We’ve studied customer case files featuring failed crystallizations and poor drug candidate profiles when less functionalized benzimidazoles were used. Shifting to our compound, formulators reported smoother integration into existing molecules and lower failure rates in early-stage screens. The presence of methythio and methoxypropoxy substituents accommodates more reaction conditions—whether hydrophobic organic media or water-miscible environments—leading to more consistent project outcomes.
We keep a portion of each batch reserved for ongoing internal R&D, using our own product as a testbed for new synthetic methodologies. Our research chemists push the boundaries by using this structure as a foundation for second-generation analogs, exploring everything from improved catalytic cycles to more robust photostability. Insights learned from these efforts cycle directly back into our main synthesis line.

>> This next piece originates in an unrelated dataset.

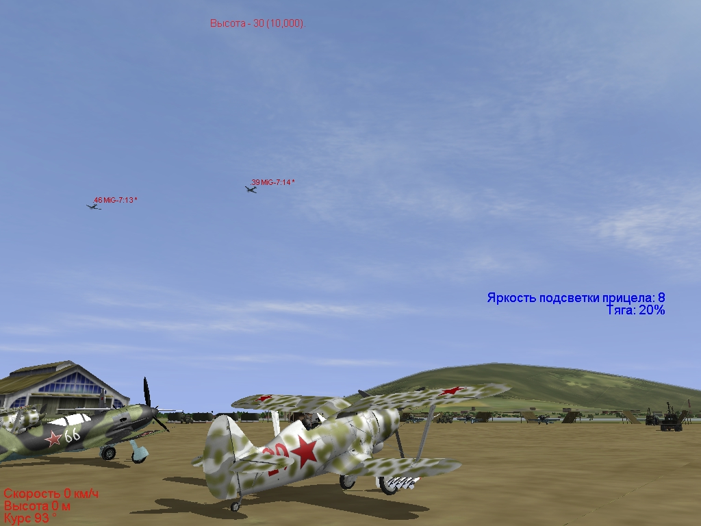 Миссия 17. Текст брифинга: 1 мая 62510 г. до Н.Э. 10час 00мин. Аэродром «ПОБЕДА-3». Несмотря на наступившие первомайские праздники, интенсивная учебно-боевая подготовка на УТК «ПОБЕДА» продолжалась – времени до начала ВОВ в СССР-41 оставалось совсем немного. Накануне генерал Захаров самостоятельно вылетел на новом пушечном истребителе-биплане И-190. Этот высокоманевренный боевой самолет был многоцелевым и в воздушной армии Захарова он будет, в ограниченном количестве, использоваться и как истребитель и как легкий штурмовик. В прошлой истории в первые месяцы войны советские войска подверглись массированным и очень эффективным бомбовым ударам немецких пикирующих бомбардировщиков Ju-87. Самолет этот, хоть и был тихоходным, но имел мощное бомбовое и стрелковое вооружение, был достаточно маневренным, а его пикирующие возможности обеспечивали высокую точность бомбометания (он был как бы прообразом современного высокоточного оружия). В состав экипажа этого самолета входил и воздушный стрелок, обеспечивающий оборону задней полусферы самолета. Очень досаждали нашим войскам и тихоходные, но высокоманевренные тактические немецкие самолеты-разведчики FW-189, прозванные нашими солдатами «Рамой». Сбить Раму, что зенитной артиллерией, что истребителями, было далеко не просто - этот самолет так же имел воздушного стрелка, защищавшего ЗПС, да и в состав его экипажа, как правило, входили очень опытные летчики. Наши солдаты часто говорили «увидел раму – жди бомбардировщиков». Вот против таких тихоходных, но маневренных воздушных целей, а так же слабо бронированных наземных и надводных целей и был предназначен многоцелевой истребитель И-190. На сегодняшний день генералу Захарову был запланирован не совсем обычный учебно-боевой полет на многоцелевом истребителе И-190. Задача: 1. Выполнить взлет и набор высоты 1300 м. Выйти в квадрат С/2, обнаружить и уничтожить пушечным огнем две воздушные мишени – немецкие пикирующие бомбардировщики Ju-87D7. Они парой выполняют полет по заданному маршруту. 2. После поражения пары Ju-87 набрать высоту 2000 м и выйти в квадрат D/5. Обнаружить и уничтожить пушечным огнем одиночную воздушную мишень – немецкий тактический разведчик FW-189. Все воздушные мишени не имеют бортового вооружения и управляются экипажем самолета ТУ-126 – его эшелон полета 1500 - 5000 м. 3. После поражения FW-189 выйти на наземный полигон УТК «ПОБЕДА», расположенный в квадрате В/4. Снизиться до высоты 500 метров, сделать несколько кругов над полигоном, выбрать наземную цель и поразить ее неуправляемыми ракетами и пушечным огнем. Посадку произвести на аэродром «ПОБЕДА-3» и зарулить на его южную стоянку. Весь маршрут полета указан в полетной карте, погода на маршруте – ПМУ. Будьте внимательны – в районе аэродрома «ПОБЕДА-3» идут интенсивные плановые полеты. Вариант вооружения вашего самолета: 8хRs82. Скин вашего самолета: стандарт. ОЗ должны быть выключены. |

Customer innovation doesn’t slow down, and neither does ours. We remain in direct contact with industry partners, adjusting packing setups for universities running high-throughput screens, and troubleshooting unexpected analytical events for multinational pharmaceutical labs. The hands-on knowledge built over years of in-plant work lets us pivot quickly—changing purification media, updating certifications, or training staff on new analytical techniques in response to new projects.
What matters most at the end of each shift isn’t the kilograms shipped, but whether we’ve maintained the trust that only comes from manufacturing clean, reliable compounds. We treat each order as an extension of our manufacturing floor, from custom scale production to rapid technical follow-up. Researchers drive our understanding forward, sharing real-world challenges and new frontiers for complex benzimidazole frameworks.
Everything we do—from raw material vetting to shipment documentation—stems from a chemistry-first mindset. Analytical precision, tailored synthesis, and responsive collaboration form the daily rhythm at our facility. As chemistry evolves, so do our manufacturing techniques—guided by the people who use our compounds to shape new science.